_Exercise brief:_ Only an exact repeat of the listing, without its images, counts as the answer.

(Raw data Opens)

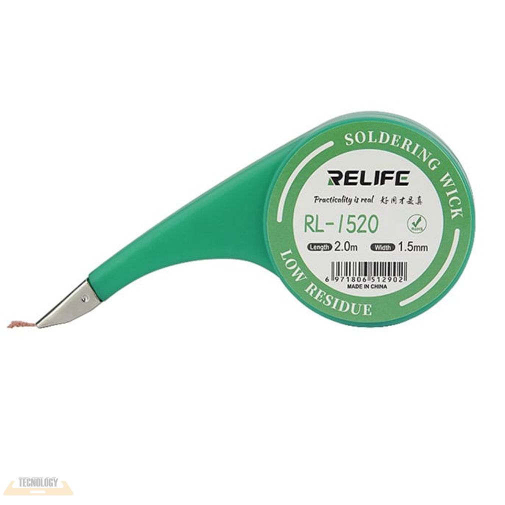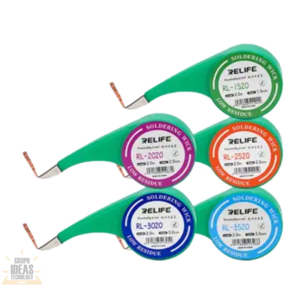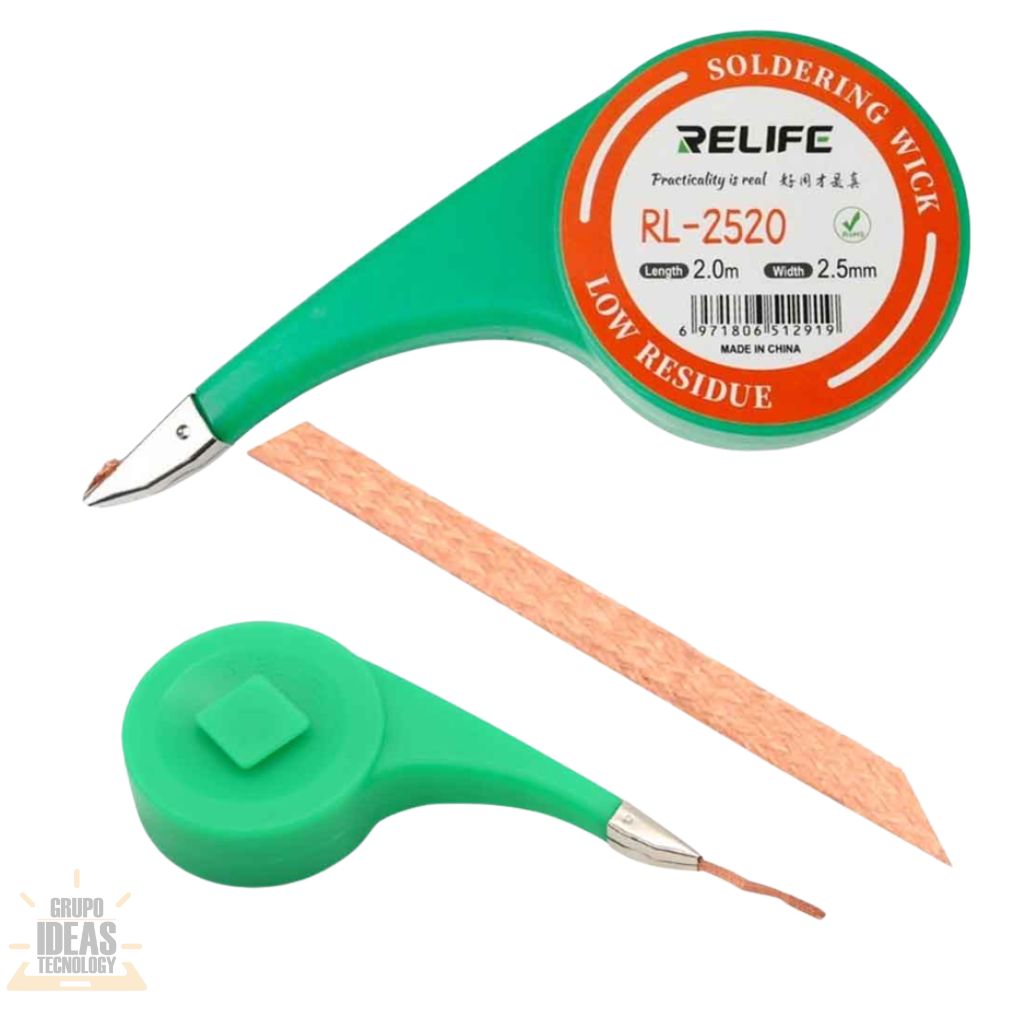 Malla de soldar Relife con dispensador, ideal para desoldado y limpieza de estaño en reparación electrónica. Permite un uso más cómodo, limpio y controlado.
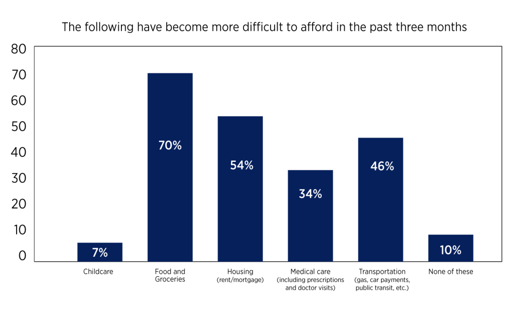 A large part of the picture of economic strain is from groceries: 70% say food and groceries have become more difficult to afford in the past three months, up from 60% in the beginning of the year. Over half also say housing has become more challenging this quarter.
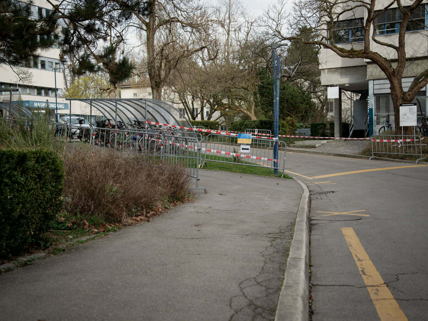 Beim Bundesasylzentrum im ehemaligen Zieglerspital erfolgt die Anmeldung der Ukrainer*innen über einen separaten Eingang. (Foto: Noah Pilloud)
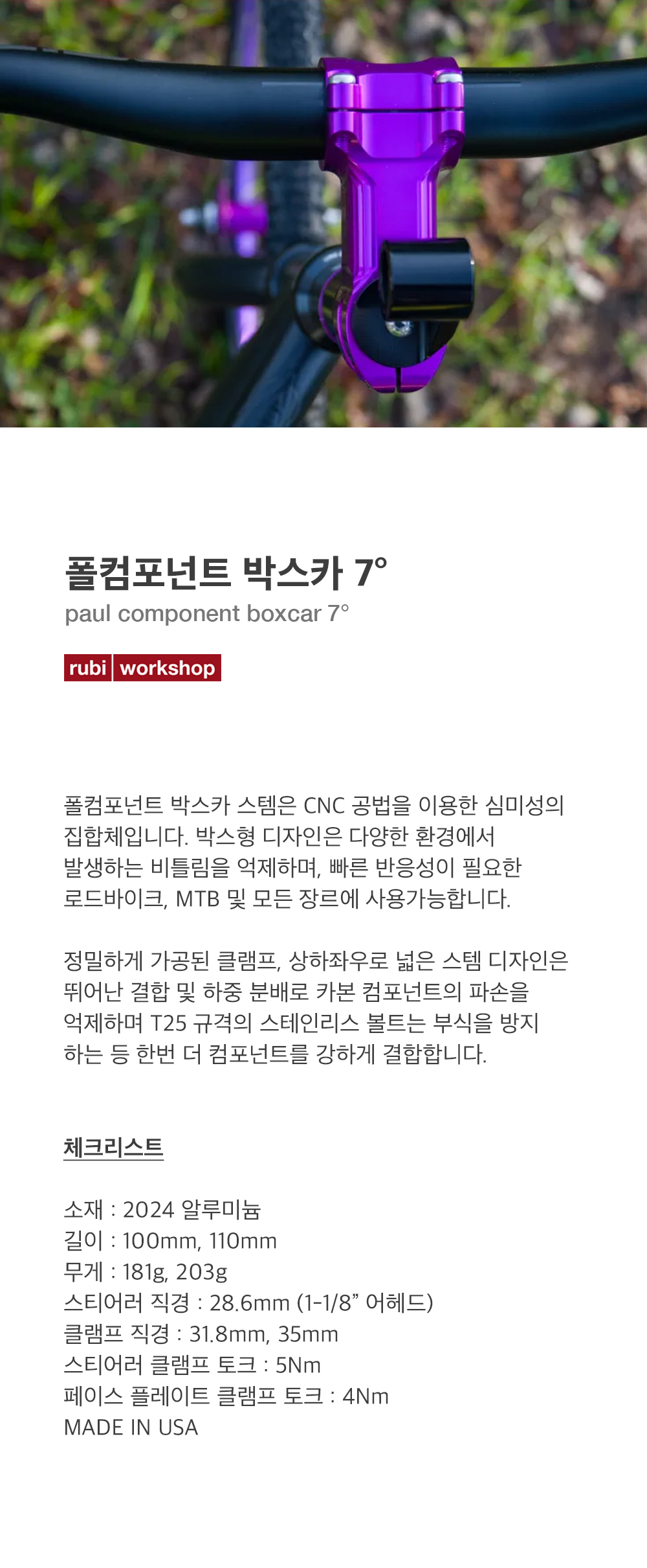 폴 컴포넌트 박스카 스템은 CNC 공법을 이용한 심미성의 집합체입니다. 박스형 디자인은 다양한 환경에서 발생하는 비틀림을 억제하며, 빠른 반응성이 필요한 로드바이크, MTB 및 모든 장르에 사용가능합니다.
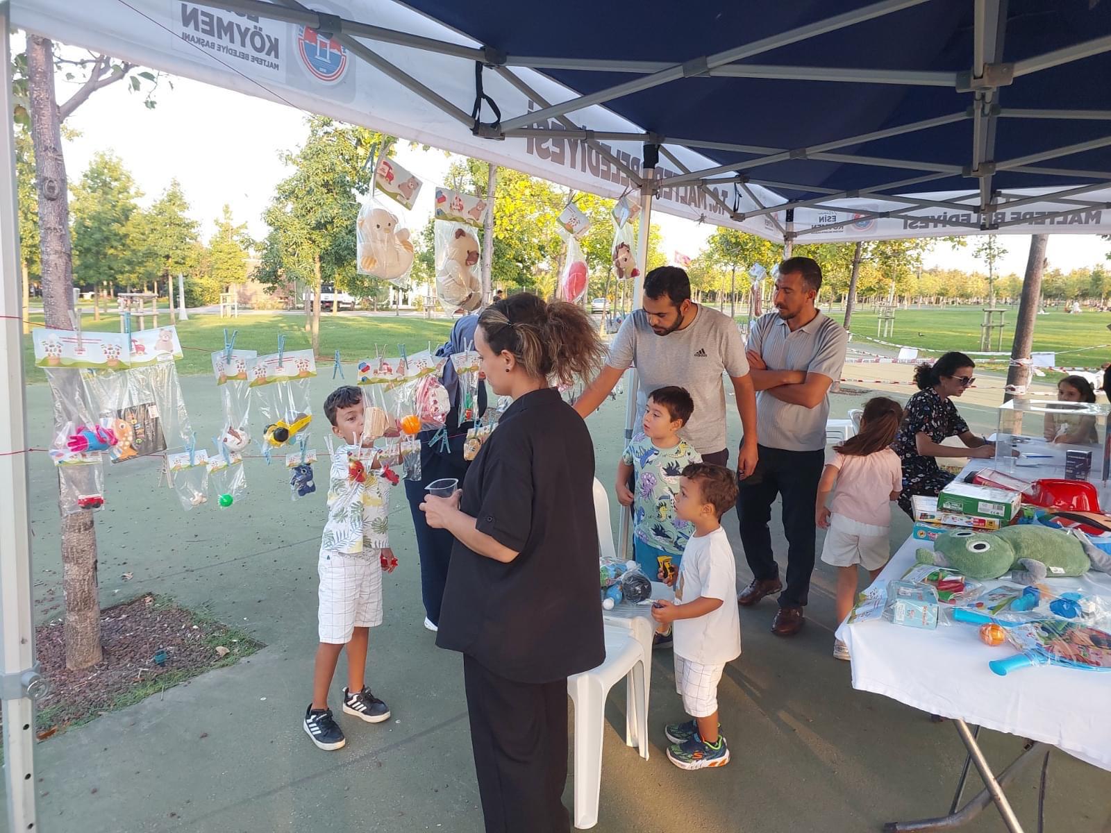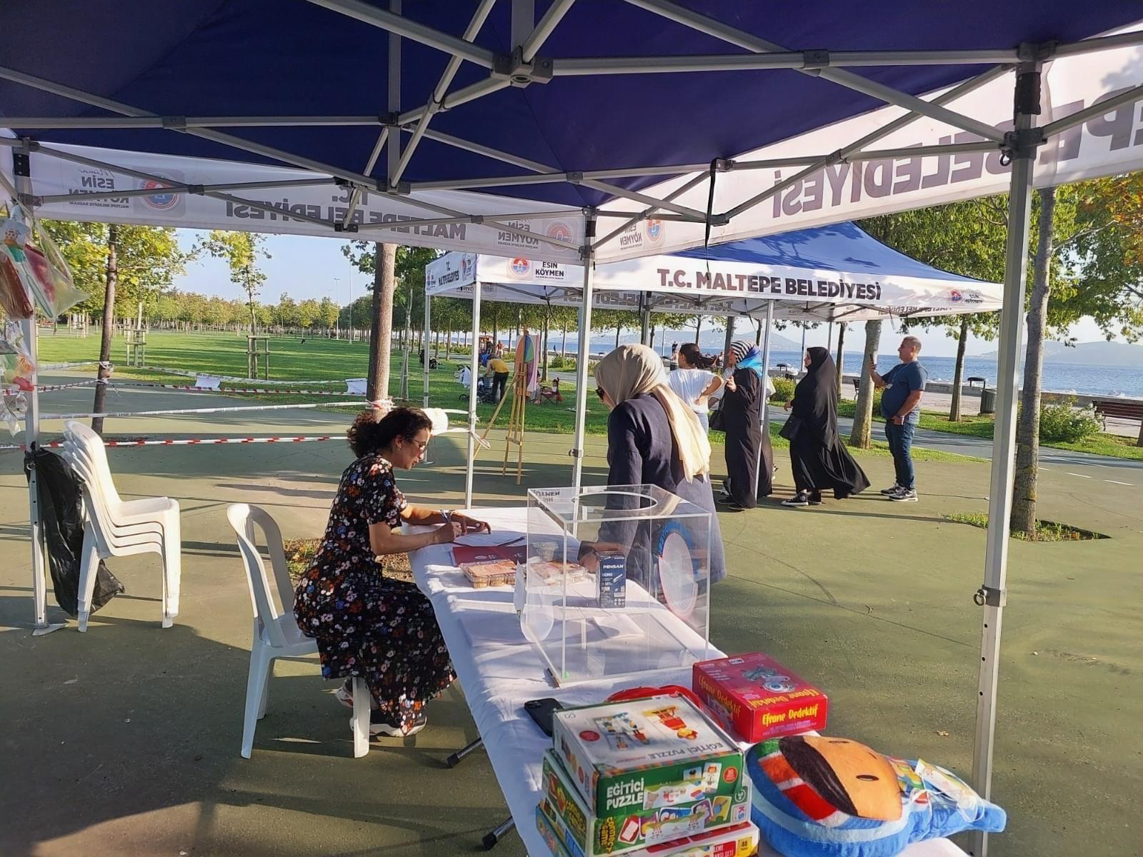 Dart tahtasında hedeflerini tutturan vatandaşlara Maltepe Belediyesi oyuncak ve kitap kumbaraları aracılığıyla toplanıp yeniden dönüştürülen oyuncaklardan hediye edildi...
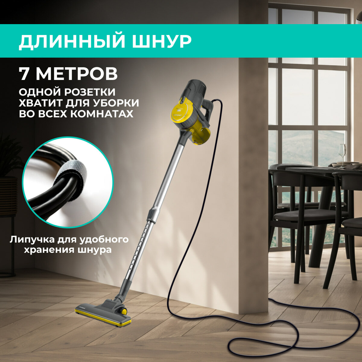 Вертикальный пылесос проводной Timberk T-VCH-53, шнур 7 метров
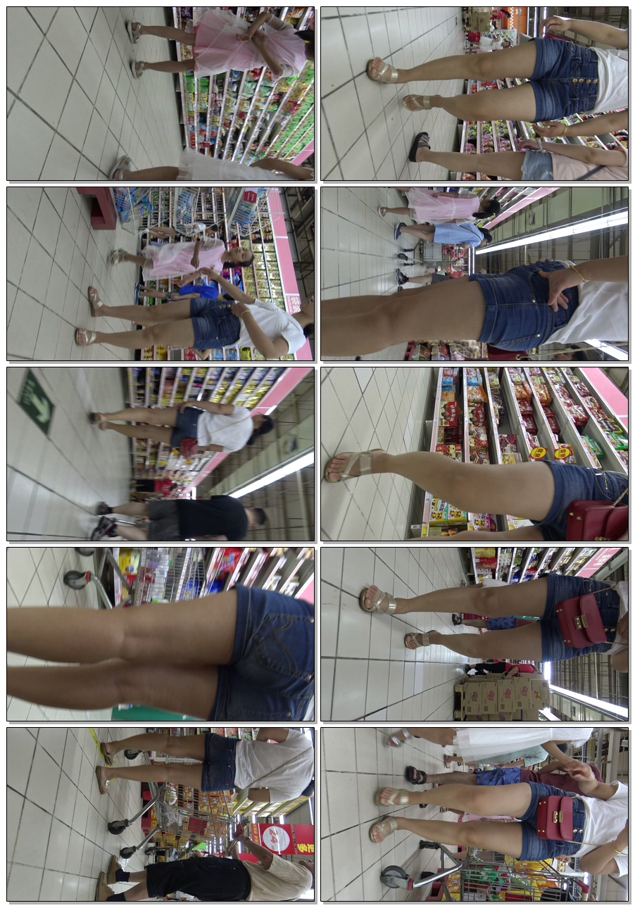 C1151超市牛仔短裤大宽臀少妇
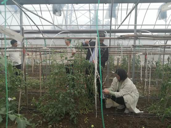 服务团成员首先在公司负责人陆松的陪同下对基地当前番茄设施栽培开展科技服务,指出在栽培过程中注意整地做畦,降低土壤湿度,以便整枝、打杈等田间管理和提前预防病害的发生;针对番茄青枯病较严重的大棚和未发病的大棚,分别取回土壤样品分析土壤理化性质及微生物多样性,为番茄青枯病科学精准防治提供依据。
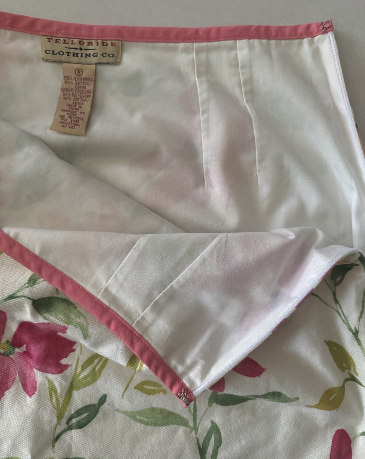 Telluride Clothing Co Floral Women s Skirt Vintage, US 8, Lined, Pink Trim Band
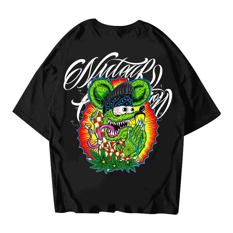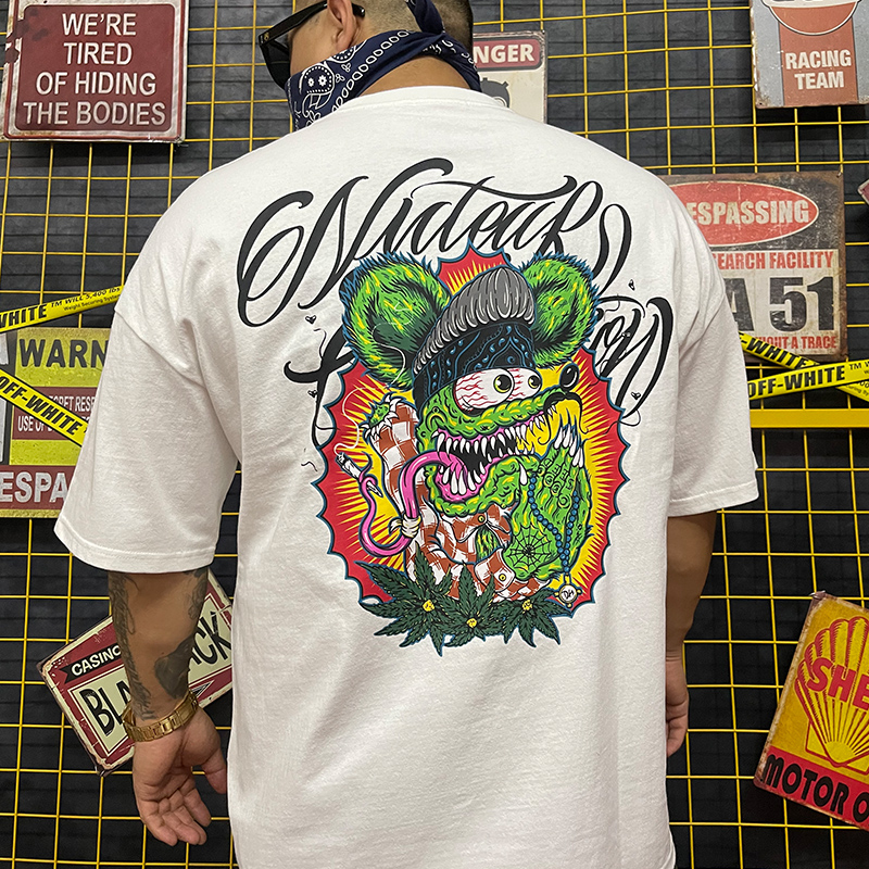 为您提供商品核爆炸祈祷 大码 黑白短袖 T恤 芬克鼠满背全彩印花纯棉重磅落肩袖的详细介绍,

(Raw data Closes)

_Written answer:_
 Malla de soldar Relife con dispensador, ideal para desoldado y limpieza de estaño en reparación electrónica. Permite un uso más cómodo, limpio y controlado.
 A large part of the picture of economic strain is from groceries: 70% say food and groceries have become more difficult to afford in the past three months, up from 60% in the beginning of the year. Over half also say housing has become more challenging this quarter.
 Beim Bundesasylzentrum im ehemaligen Zieglerspital erfolgt die Anmeldung der Ukrainer*innen über einen separaten Eingang. (Foto: Noah Pilloud)
 폴 컴포넌트 박스카 스템은 CNC 공법을 이용한 심미성의 집합체입니다. 박스형 디자인은 다양한 환경에서 발생하는 비틀림을 억제하며, 빠른 반응성이 필요한 로드바이크, MTB 및 모든 장르에 사용가능합니다.
 Dart tahtasında hedeflerini tutturan vatandaşlara Maltepe Belediyesi oyuncak ve kitap kumbaraları aracılığıyla toplanıp yeniden dönüştürülen oyuncaklardan hediye edildi...
 Вертикальный пылесос проводной Timberk T-VCH-53, шнур 7 метров
 C1151超市牛仔短裤大宽臀少妇
 服务团成员首先在公司负责人陆松的陪同下对基地当前番茄设施栽培开展科技服务,指出在栽培过程中注意整地做畦,降低土壤湿度,以便整枝、打杈等田间管理和提前预防病害的发生;针对番茄青枯病较严重的大棚和未发病的大棚,分别取回土壤样品分析土壤理化性质及微生物多样性,为番茄青枯病科学精准防治提供依据。
 Telluride Clothing Co Floral Women s Skirt Vintage, US 8, Lined, Pink Trim Band
 为您提供商品核爆炸祈祷 大码 黑白短袖 T恤 芬克鼠满背全彩印花纯棉重磅落肩袖的详细介绍,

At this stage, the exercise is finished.